GET THE APP

Predicting Postoperative Nausea and Vomiting Under Patient-Controlled Analgesia Medication: A Study of Machine Learning Approaches

Primary Health Care: Open Access

ISSN - 2167-1079

Research Article - (2017) Volume 7, Issue 3

Predicting Postoperative Nausea and Vomiting Under Patient-Controlled Analgesia Medication: A Study of Machine Learning Approaches

Yuh-Jyh H1*, Jia-Ying S1 and Tien-Hsiung K2
1Institute of Biomedical Engineering, National Chiao Tung University, Taiwan
2Department of Anesthesiology, Changhua Christian Hospital, Taiwan
*Corresponding Author: Yuh-Jyh H, Institute of Biomedical Engineering, National Chiao Tung University, Taiwan, Tel: 886 3 571 2121 Email:

Abstract

In addition to pain, nausea and vomiting persist as the most frequent complaints of patients receiving patientcontrolled analgesia (PCA) after surgery. Many patients find postoperative nausea and vomiting (PONV) even more distressing than postoperative pain. Though many studies have evaluated the correlation of patient characteristics with PONV and identified several risk factors, there is little research into constructing models for PONV prediction. In this study, we proposed to analyze patient behaviors and apply machine learning methods to PONV prediction. We evaluated different learning algorithms, and investigated several data preprocessing techniques. We performed a thorough comparative study of machine learning techniques, and the experimental results suggest the application of machine learning to PONV prediction is feasible and promising.

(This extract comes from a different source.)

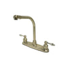 Simplicity and function - The Kingston Brass Water Saving Victorian Centerset Kitchen Faucet is the perfect faucet for simplicity and functionality. With a simple yet tactful design, this kitchen faucet will look great in a variety of decorative scenarios. The lever handles are also ADA - compliant and turn easily with little effort. The faucet features solid brass construction for long-lasting durability and reliability and utilizes washerless cartridges for drip-free performance. The spout reaches over 6 inches and stands over 10 inches tall to provide the user enough space between the sink. Faucet installs on standard US plumbing connections and meets the EPA's WaterSense program with a 1.5 gallon per minute flow, saving both water and money.

Keywords: PONV (post-operative nausea and vomiting), PCA (patient-controlled analgesia), Machine learning, PCA demand behaviors, Feature selection, Data cleaning

Introduction

With the advance of medical science, people have gradually become aware of the importance of pain management because pain can negatively affect quality of health care and even do more harm than an illness itself when it becomes intolerable. According to the studies, PCA (patient-controlled analgesia) is one of the most effective techniques for postoperative analgesia [1,2].

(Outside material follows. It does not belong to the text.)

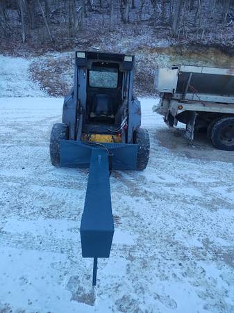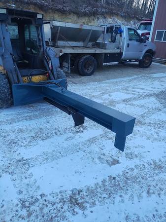 Hydraulic wood splitter for skid loader. Simple units, everything it needs to do the job, nothing you don't, built with off the shelf parts, heavy duty, new construction. New cylinder, new hoses, fittings and flat face couplers. 8" tall x 6.5" wide beams 10"tall x 6" deep x 1" thick wedge. CNC cut slide parts and cylinder mount. Diamond plate step, lifting eye on top. Ready to work. CASH ONLY pick up in Houston MN.

Despite the fact that IV-PCA (Intravenous PCA) has been widely used in hospitals for its effectiveness and safety as acute postoperative pain management, PCA also usually entails (PONV) post-operative nausea and vomiting that complicates recovery from surgery and decreases patient satisfaction [3,4]. In some studies patients were, on average, willing to pay extra $56 to avoid PONV; the figure increased to $73 and $100 in patients who had experienced postoperative nausea or vomiting, respectively [5,6].

Most previous studies of PONV were focused on identifying the risk factors, using regression techniques or proposing probabilistic models [7-10]. A recent work that applied an artificial neural network to predict postoperative vomiting has been proposed [11]. In this study, we investigated patient PCA demand behaviors, and derived demand pattern attributes by clustering demand profiles for PONV prediction. In addition, we proposed to use a neighborhood-based data cleaning technique to clarify class boundary. Lastly, we conducted a comparison of various machine learning classifiers to identify the best feature set and classifiers for PONV prediction. Our goal is to improve PONV prediction to increase patient satisfaction by applying machine learning methods and analyzing IV-PCA patient demand behaviors.

Materials and Methods

Study subjects

We collected and analyzed IV-PCA usage profiles from bone surgery patient records from 2009 to 2014 at Changhua Christian Hospital. Abbott Pain Management Provider (Abbott Lab, Chicago, IL, USA) was used for IV-PCA treatment. After excluding incomplete IV-PCA log files and patient records with missing values, we obtained 392 patient records. Of these 392 subjects, 121 had PONV and the remaining 271 showed no PONV. Each patient received at least 24 h of IV-PCA medication without using any antiemetic drugs. Each subject is represented by totally 28 basic attributes divided into 5 categories: (a) demographic, (b) biomedical, (c) operation-related, (d) opioid-related, and (e) PCA-related attributes.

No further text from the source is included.